- Written by: Hussain Shihab
- Screenplay by: Hussain Shihab
- Directed by: Hussain Shihab
- Starring: Mohamed Rasheed Nahidha Ali Aminath Waheedha
- Country of origin: Maldives
- Original language: Dhivehi

Production
- Producer: Television Maldives
- Cinematography: Ali Waheed
- Editor: Mohamed Nazeer
- Running time: 70 minutes

Original release
- Release: 1982

= Orchid – Eynaage Maa =

Orchid – Eynaage Maa is a 1982 Maldivian television film written and directed by Hussain Shihab. Produced by Television Maldives, the film stars Mohamed Rasheed, Nahidha Ali and Aminath Waheedha in pivotal roles. The film centers around a medically unfit young woman who, despite facing a manipulative suitor, embarks on a romantic relationship with a stage performer and vocalist. The narrative unfolds tragically as their relationship coincides with her untimely death.

==Premise==
Nuzuhath returns from Sri Lanka and while on her way to home, accidentally splashes mud on Nisham, who is a vocalist of the renowned music band Progman, whom she initially did not recognize. In an attempt to apologize, she offers him a ride to the music show. Ibrahimfulhu, a close friend of Nuzuhath's father, proposes a marriage between Nuzhath and his son, Adamfulhu. Aisa Manike, Nuzuhath's mother, expresses skepticism about the proposal due to Waheed, Nuzuhath's brother, opposing early marriage and Nuzuhath having a medical condition. As expected, Waheed disapproves of the proposal, denouncing Adamfulhu as a womanizer. Ibrahimfulhu manipulates Adamfulhu to abandon his current girlfriend and pursue Nuzuhath, driven by their wealth.

Nuzuhath and Nisham meet again on another island, scheduling a meeting for the following day. Their meeting at the beach leads to Nisham sharing how Nuzuhath became a fan of his voice, and a romantic relationship begins to blossom. Envious Ibrahimfulhu reintroduces the marriage proposal, which Waheed rejects. Ibrahimwfulhu leaves forewarning the family of impending downfall. Waheed supports Nuzuhath's relationship with Nisham, and she joyfully shares the news. Shortly after, Nuzuhath travels to Lanka for a medical checkup, revealing a diagnosis of a brain tumor.
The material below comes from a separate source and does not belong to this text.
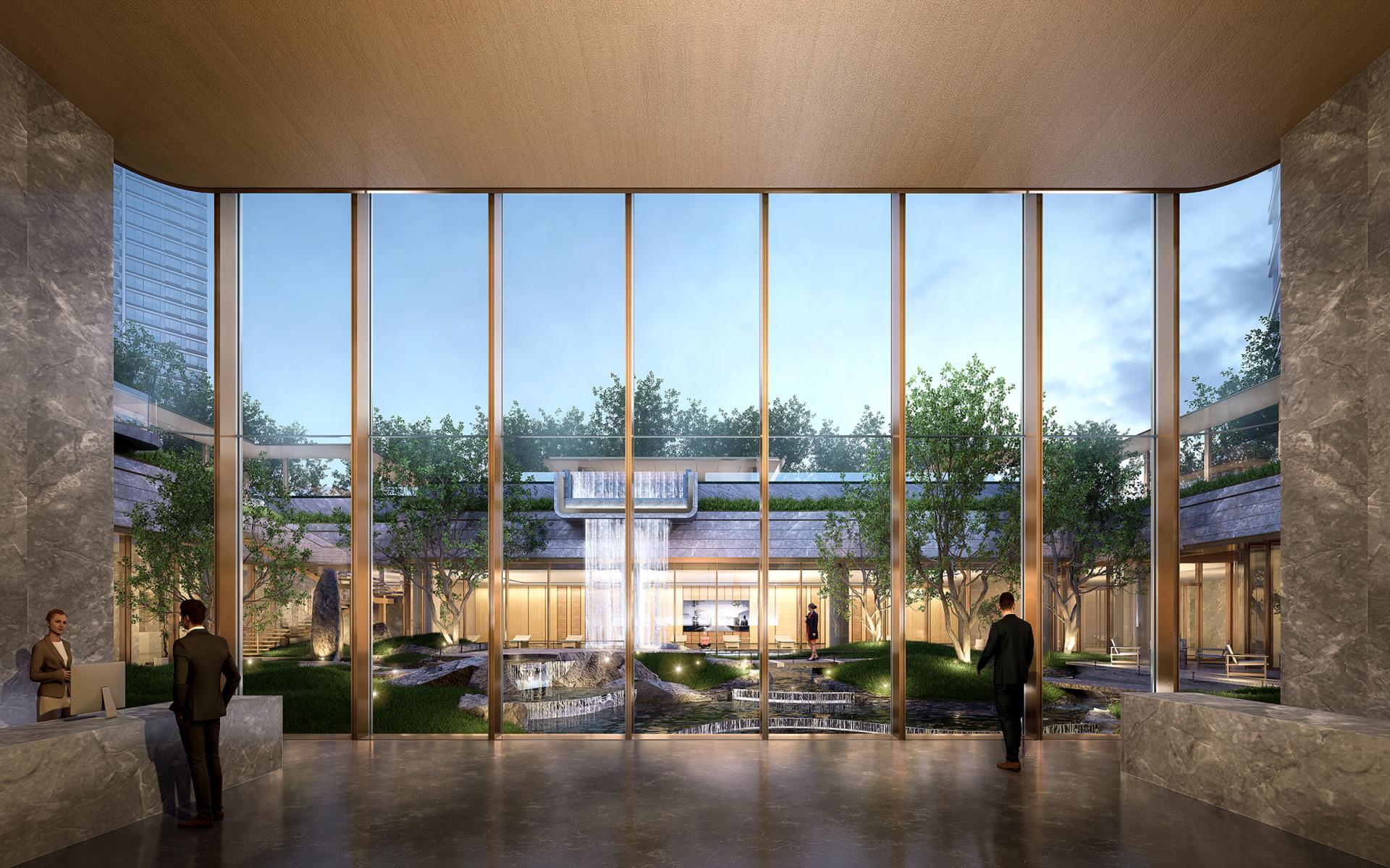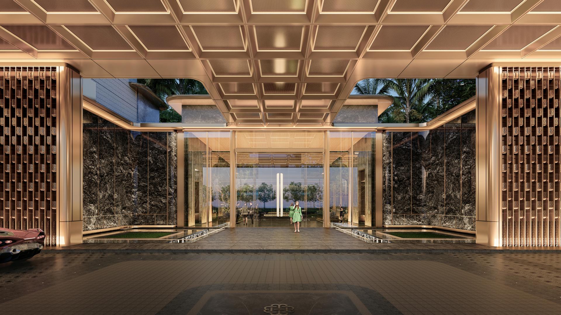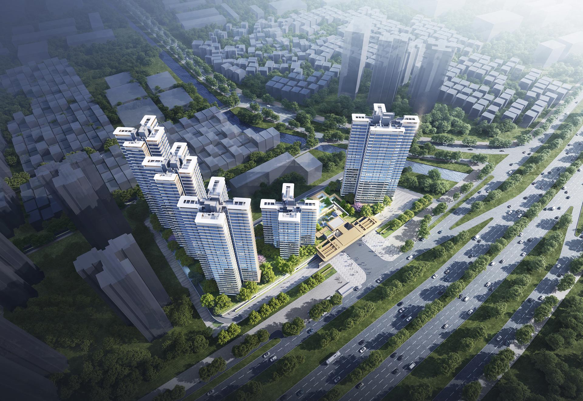 The building façades embody a modern minimalist aesthetic that expresses the architecture's unique character, creating an urban interface that is both grand and distinctive. Large expanses of glass enhance indoor lighting and views. Utilizing primarily glass and aluminum panels, the façades feature meticulous attention to detail and refined components, elevating the overall architectural quality. The grand and dignified entrance gatehouse, with its simple yet refined materiality and construction, reinforces the project's premium positioning. Given the scarcity of land in central urban areas and the need to maximize value, the project responds with creative and distinctive residential architecture.

Aisa Manike communicates Nuzuhath's passing in a letter to Nisham, revealing that she succumbed to the tumor a day after the diagnosis, shattering Nisham's heart.

== Cast ==
- Mohamed Rasheed as Nisham
- Nahidha Ali as Nuzuhath
- Aminath Waheedha as Anju
- Abdul Raheeem as Waheed
- Aneesa as Aisa Manike
- Abdulla Sameem as Ibrahimfulhu
- Mohamed as Adamfulhu
- Mohamed Shameem as Shameem
- Mohamed Manik as Manik
- Mariyam Haajara as Aansaa

==Soundtrack==

Track listing
| No. | Title | Singer(s) | Length |
|---|---|---|---|
| 1. | "Reyrey Dhiwaanaa" | Ibrahim Hamdhee, Fathimath Rauf | 4:38 |
| 2. | "Angaa Dheyshey Adhu Vee Ruhigen" | Ibrahim Shakeeb | 4:13 |

==Release and reception==
The film was released in 1982, during the early period of Maldivian cinema establishments. The film received a positive response from critics and was a commercial success. Critics and the audience considered the film to be a "pathbreaking" film in the local industry. The film's soundtrack, featuring "Reyrey Dhiwaana" and "Angaa Dheyshey Adhu Vee Ruhigen" became huge chartbusters, further contributing to its acclaim. Even decades after its release, the enduring popularity of the songs is evident through multiple remakes and acoustic versions, resonating with later generations.

==Remake==
In July 2019, Dharaa Production unveiled a poster for a film, hinting at the possibility of a remake of Orchid – Eynaage Maa. Subsequently, it was disclosed that the film would indeed be remade, utilizing the original script as a foundation but infused with a modern flair and a fresh cast. According to reports, Fathimath Leena will develop the script for this semi-musical remake, and Mohamed Rasheed, the actor from the original film, will direct it.